Besteht der Zweck der Verfolgung dieser Frage darin, eine Antwort auf die Frage zu finden? Oder geht es vielleicht darum, einen Weg zu finden, Ihren Herangehensweise an die Arbeit zu erweitern? Oder hast du beides gefunden?

Ich wollte eine Antwort, weil ich wirklich das Gefühl hatte, nicht zu wissen, wie ich ohne so etwas wie eine Antwort weiterkommen sollte. Aber ich denke, was noch wichtiger ist, es war eine ästhetische Frage, und sie drängte mich zu einer ganz anderen Art von Gedichten – Gedichten, die sich nicht nur an die Poesie, sondern an mich selbst richten. Es gibt mehrere Gedichte, die Ihnen wahrscheinlich auffallen und in denen ich Selbstgespräche führe. Ich nenne mich Diane.

Ich spaltete mich gewissermaßen von mir selbst ab und wandte mich an mich selbst. Indem ich mich also mit der Poesie auseinandersetzte, konfrontierte ich mich selbst. Beide Schritte erforderten eine andere Art von Gedichten, als ich je zuvor in Angriff genommen hatte, und vielleicht auch eine neue Art von Selbstvertrauen. Indem ich meinen – bestenfalls lückenhaften – Bildungsweg nachverfolgte, was ich in dem Buch tue, versuchte ich wohl, mit mir selbst zu arbeiten und mir zu sagen: „Selbst ein zusammengewürfelter Verstand kann sich diesen großen Fragen stellen, und ich muss sie angehen.“ Und vielleicht ermutigten mich die verschiedenen Auszeichnungen für „Freimütigkeit“ auf eine Weise, die ich sonst vielleicht nicht gehabt hätte, meine Autorität auf eine neue Ebene zu bringen … Früher hätte ich das Wort „Autorität“ nie in Bezug auf mich selbst verwendet, aber ich hatte das Gefühl, dass mir eine Art Autorität verliehen worden war, die es mir ermöglichte, mir selbst Fragen zu stellen, und dass es vielleicht einen gewissen Wert für die Poesie, zumindest für meine eigene Poesie, hatte, Fragen zu stellen, die mich und die Poesie wirklich in Bedrängnis brachten. Es schien wichtig.

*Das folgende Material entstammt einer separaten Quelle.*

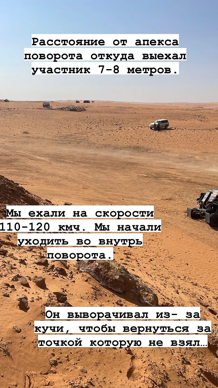 Однако судя по легенде маршрута и местности, оба просто не ожидали лобовой встречи с кем-либо на такой скорости в том месте – а раллийные багги все-таки не шоссейные болиды и способны остановиться в песках за 7-8 секунд. Так что зря, наверное, Карякин материл итальянца.
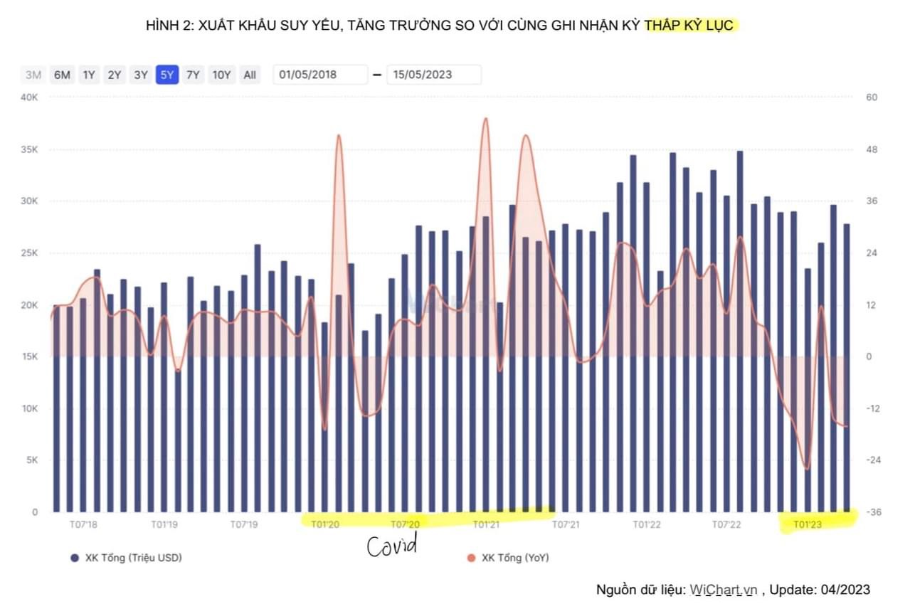 Sự chậm lại của sản xuất và tiêu dùng toàn cầu đã làm xuất khẩu trong nước suy giảm kỷ lục, sự suy giảm này lại chủ yếu đến từ những mặt hàng chủ lực của Việt Nam như: thiết bị điện tử, dệt may, thuỷ sản,… Nhu cầu bên ngoài suy giảm, nhưng sức mua trong nước cũng yếu đi rất rõ tại các mặt hàng có gia trị gia tăng cao như: Ôtô, tiêu dùng cao cấp, thiết bị điện tử,… Phần còn lại là các mặt hàng thiết yếu, tuy có tăng trưởng nhưng khá chậm nên cũng không thể bù đắp lại sự suy giảm nhanh chóng của sức cầu nói chung.
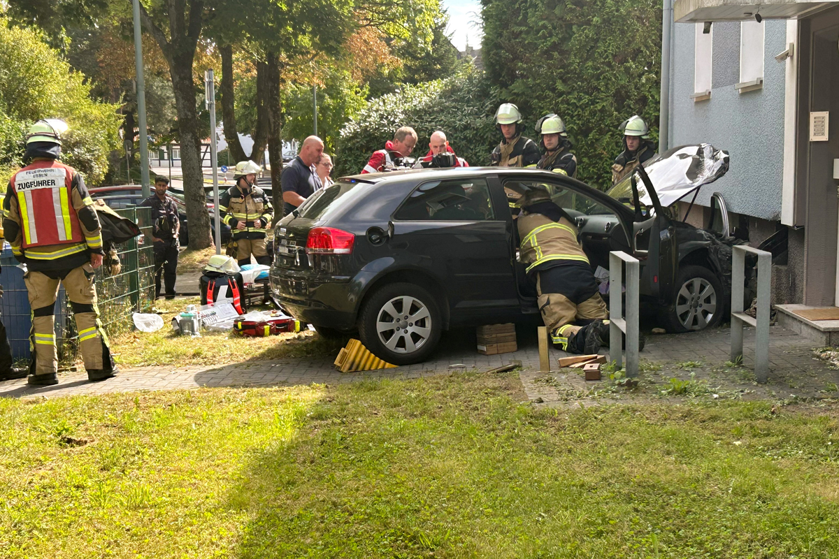 Am Dienstagnachmittag (26.08.2025) prallte in Essen-Heisingen eine ältere Frau mit ihrem Kleinwagen gegen eine Hauswand. Sie war im Fahrzeug eingeschlossen und musste von der Feuerwehr mit hydraulischem Gerät befreit werden. Die Fahrerin kam ins Krankenhaus.
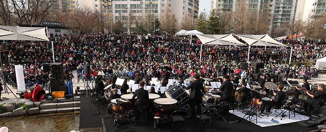 [서울=뉴시스] 조수정 기자 = 30일 오후 서울 노원구 한국성서대학교 옆 당현천 바닥분수 일원에서 열린 ‘2024년 당현천 벚꽃음악회’에서 지역 주민 등이 공연을 관람하고 있다. (사진=노원구 제공) 2024.03.31. photo@newsis.com *재판매 및 DB 금지
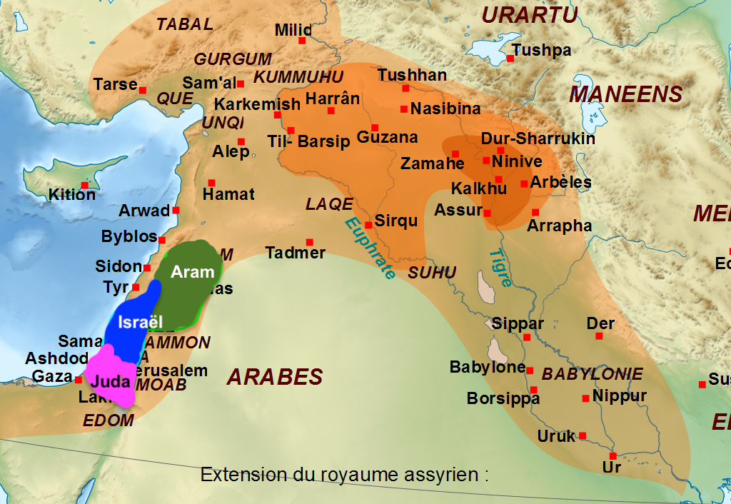 L’union fait la force, c’est bien connu ! Voilà la bonne idée d’Israël (en bleu) et d’Aram-Syrie (en vert) qui aimeraient que Juda (en rose) les rejoigne afin de former une bonne coalition qui résisterait peut-être aux puissants assyriens :
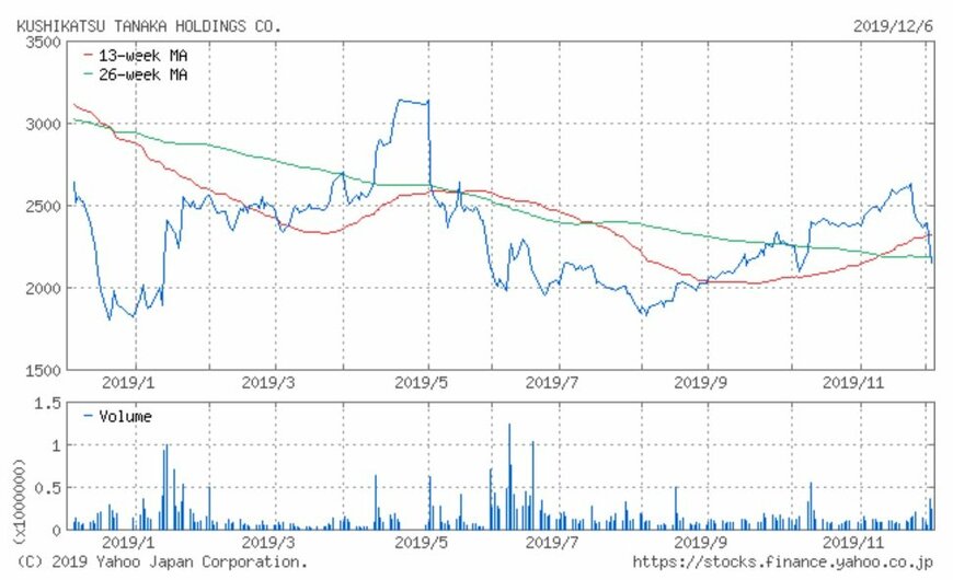シリーズでお伝えしている「注目小売店月次実績」。今回は串カツチェーン店「串カツ田中」を運営する串カツ田中HD(3547)の、2019年11月の月次動向及び過去実績、また過去1年の株価動向について振り返ってみましょう。
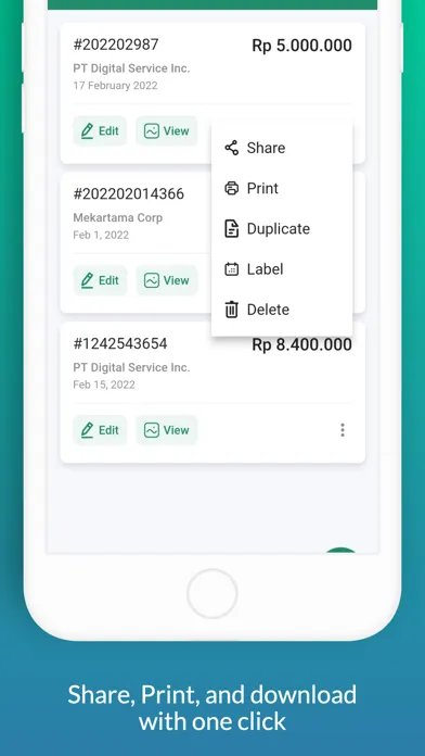 - Invoice sharing feature, download and print directly from the device.

Ich interessiere mich auch für die Ästhetik des sogenannten Alltags, so umfangreich dieser auch sein mag, die sich in Ihrem Gesamtwerk widerspiegelt. In all Ihren Büchern gibt es eine Art Alltäglichkeit inmitten einiger echter Komplikationen oder wirklich lebhafter Entwicklungen anderswo. Ich frage mich, ob das teilweise an Ihrem frühen Leben als Schriftstellerin aus der Arbeiterklasse liegt. Ich weiß, dass Sie eine Zeit lang Therapeutin waren und kreatives Schreiben unterrichteten, während Sie Therapeutin waren, eine Familie großzogen und all diese Dinge taten, von denen ich glaube, dass die Leute sagen könnten, sie stünden einem Leben als Schriftsteller entgegen. Aber wie wir wissen, geschieht ein Großteil des Schreibens in unseren Köpfen, und ein Großteil des Schreibens kann meiner Meinung nach geschehen, während wir uns mit Dingen beschäftigen, die manche als banal betrachten würden. Sind Sie immer noch jemand, der viel Geschriebenes verarbeitet, während Sie durch das gehen, was manche als die alltäglichen Bewegungen Ihres Lebens betrachten würden?